Changing Times

The early 1970s saw more changes in the woollen industry with the closure of many mills, as synthetic fibre largely replaced wool in the manufacture of clothing. Although the Mill was operating very profitably the future for the industry did not look encouraging with so much product coming in from countries with low labour costs and so it was decided to close the Mill in the early 1970s with the building placed for sale in 1976. It was a sad day for the company and staff but in hind sight a sound business decision.
  • Millers on Wairakei Road

    Millers on Wairakei Road

    In 1970 Reginald made a move to relocate the manufacturing section from its Tuam street location into the outer area of Christchurch where labour was more plentiful. Millers then released the upper floors of the Tuam Street building for retail selling. Millers purchased a 6 acre site in Wairakei Road and one year later opened their new 108,000 square foot factory.
  • Wairakei Road

    Wairakei Road

    The building was of a circular design and was the most modern garment factory of its kind at the time and was labeled as ‘revolutionary’. The building had an elevated cafeteria and kitchen taking in a 360degree circle just above the main factory roof, providing large areas for staff dining and other activities.
  • Inside Wairakei Road

    Inside Wairakei Road

    The factory specialised in worsted and wool/polyester cloths and one third of the fabrics that the factory produced were purchased by Millers' own clothing factory. The other two thirds were sold to major New Zealand suit and trouser manufacturers.
  • RNZAF Uniforms 1970s

    RNZAF Uniforms 1970s

    In the clothing factory Millers carried out many Government contracts, including the contract to make the uniforms for the Royal New Zealand Airforce. Garments were manufactured for export as well, with exports to Australia accounting for 35% of the overall production capacity of the factory in 1971.
  • Manufacturing Decline

    Manufacturing Decline

    Government support for the manufacturing industry began to be withdrawn in the 1970s, and was almost completely terminated by 1990. This is one reason the proportion of the population employed in manufacturing declined at the end of the 20th century, and was a major factor behind Millers reducing their manufacturing department and selling the Wairakei Road factory some years later.
  • Tuam Street, 1970s

    Tuam Street, 1970s

    In 1978 the Tuam St building was sold to the Christchurch City Council and in 1979 Millers moved into the ‘Cashfields’ complex in Cashel Street, formally the DIC (Drapery Importing Company) building, who were one of Millers biggest competitors in the early days.

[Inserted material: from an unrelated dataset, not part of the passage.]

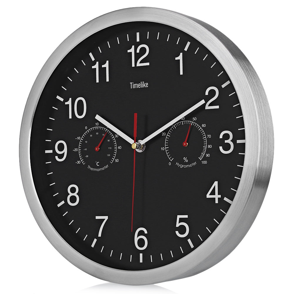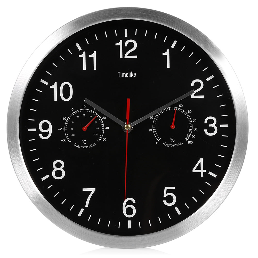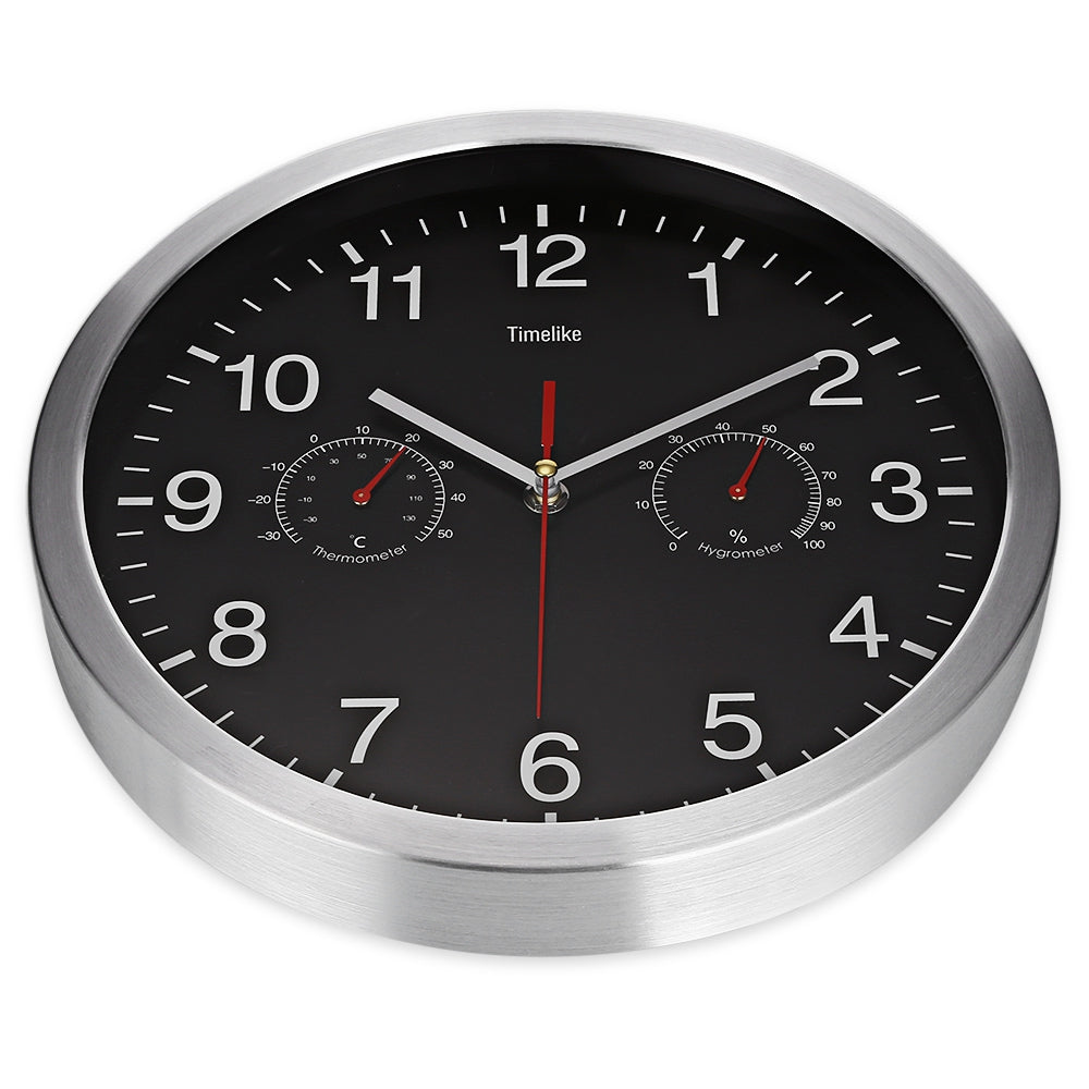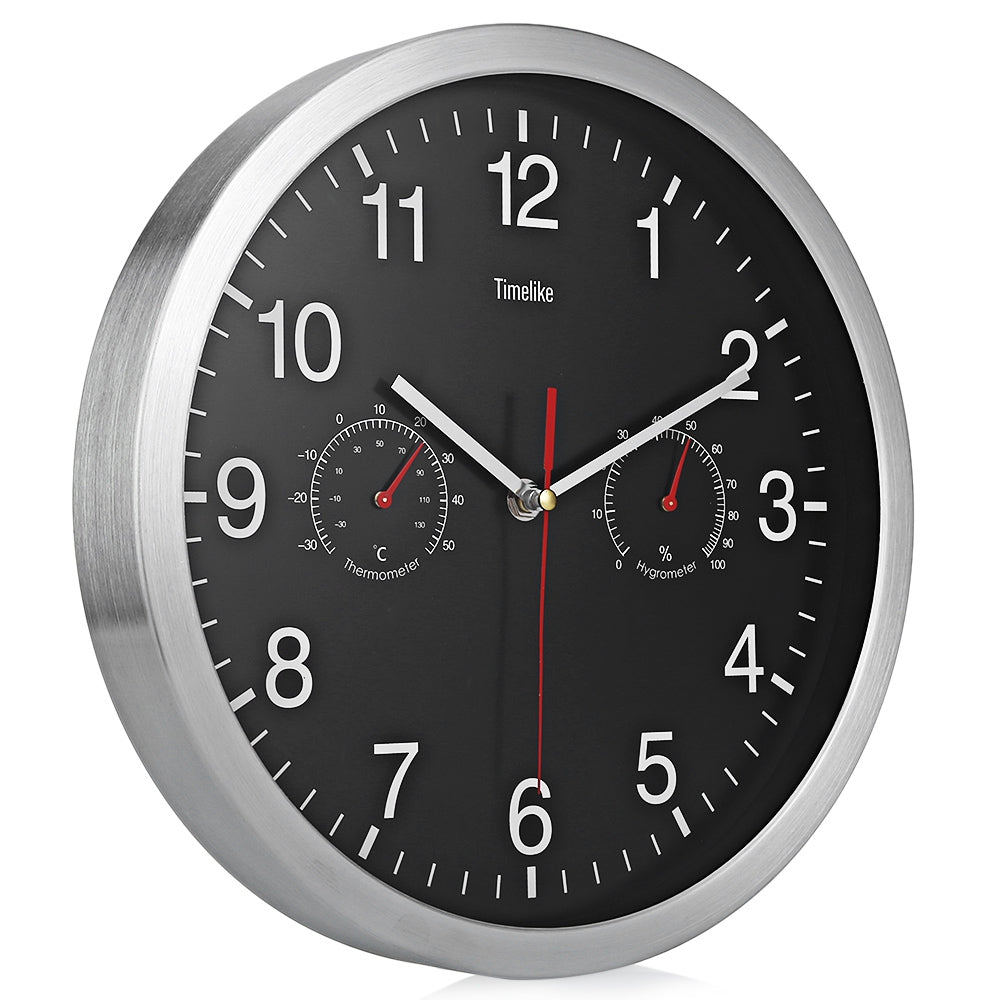 32cm Silent Wall Metal Clock Thermometer Hygrometer
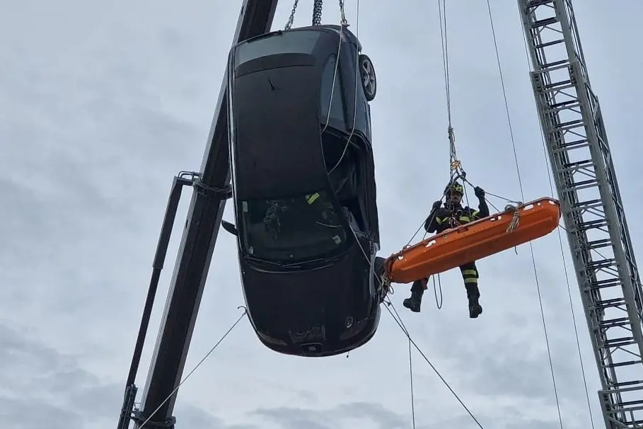 In seguito i colleghi del nucleo-speleo-alpino-fluviale, si sono esibiti in uno spettacolare salvataggio in quota calandosi da un cestello estensibile ed estraendo un manichino da addestramento, da una vettura sospesa a 20 metri di altezza.

Millers were the largest tenant in Cashfields occupying 836m2 of floor space on the first floor of the building. The new store in Cashfields specialised in three areas – dress fabrics, furnishing fabrics, and Manchester.
  • First Dial-A-Curtain vehicle, 1980

    First Dial-A-Curtain vehicle, 1980

    In 1980 Reginald Miller identified a gap in the market and pioneered the concept of van-based furnishing Consultants calling on customers in their homes, with the establishment of the ‘Dial-A-Curtain’ décor service.
  • Dial-A-Curtain Service

    Dial-A-Curtain Service

    Millers were the first company in New Zealand to offer such a mobile furnishing service, with just two vans on the road to begin with. For customers unable to come into their new premises in the ‘Cashfields’ complex in Cashel Street, the Dial-A-Curtain service offered customers a free consultation, measure and quote in their own home, with no obligations.
  • Dial-A-Curtain Takes Off

    Dial-A-Curtain Takes Off

    Several large retailers in the North Island and across the Tasman sought Reginald’s assistance in establishing similar services, and even the prominent Australian retailers, Grace Brothers (now Myers), benefited from his experience. Dial-A-Curtain was an innovation that proved exceptionally successful for Millers and quickly became something of a household name in Christchurch.
  • Blenheim Road Opening - Queues

    Blenheim Road Opening - Queues

    Having gained a wealth of manufacturing and retail knowledge, Reginald’s son Geoff, joined Millers in 1986. The following year in July 1987 Millers Decorator World opened on Blenheim Road. Millers introduced to Christchurch a trend in retailing which had proven highly successful overseas, namely ‘Shed Operations’. Reginald had studied ‘Shed Operations’ in England in 1986 and concluded that the concept would work equally well in Christchurch. The benefits of large merchandise selections at competitive prices had attracted vast numbers of the buying public to these sheds, which were found on industrial estates on city outskirts, adjacent to major arterial thoroughfares.
  • Blenheim Road Opening

    Blenheim Road Opening

    This new venture on Blenheim Road also honoured Leslie’s aspiration for Millers to be renowned for “supplying its customers with a quality article at a competitive price”. Millers Decorator World became well known by passing motorists for the large digital clock and temperature indicators on the Blenheim Road frontage, a novelty at the time. Over the next few years Millers then moved the rest of their operation - Dial-A-Curtain, offices, workroom and warehouse to the premises on Blenheim Road.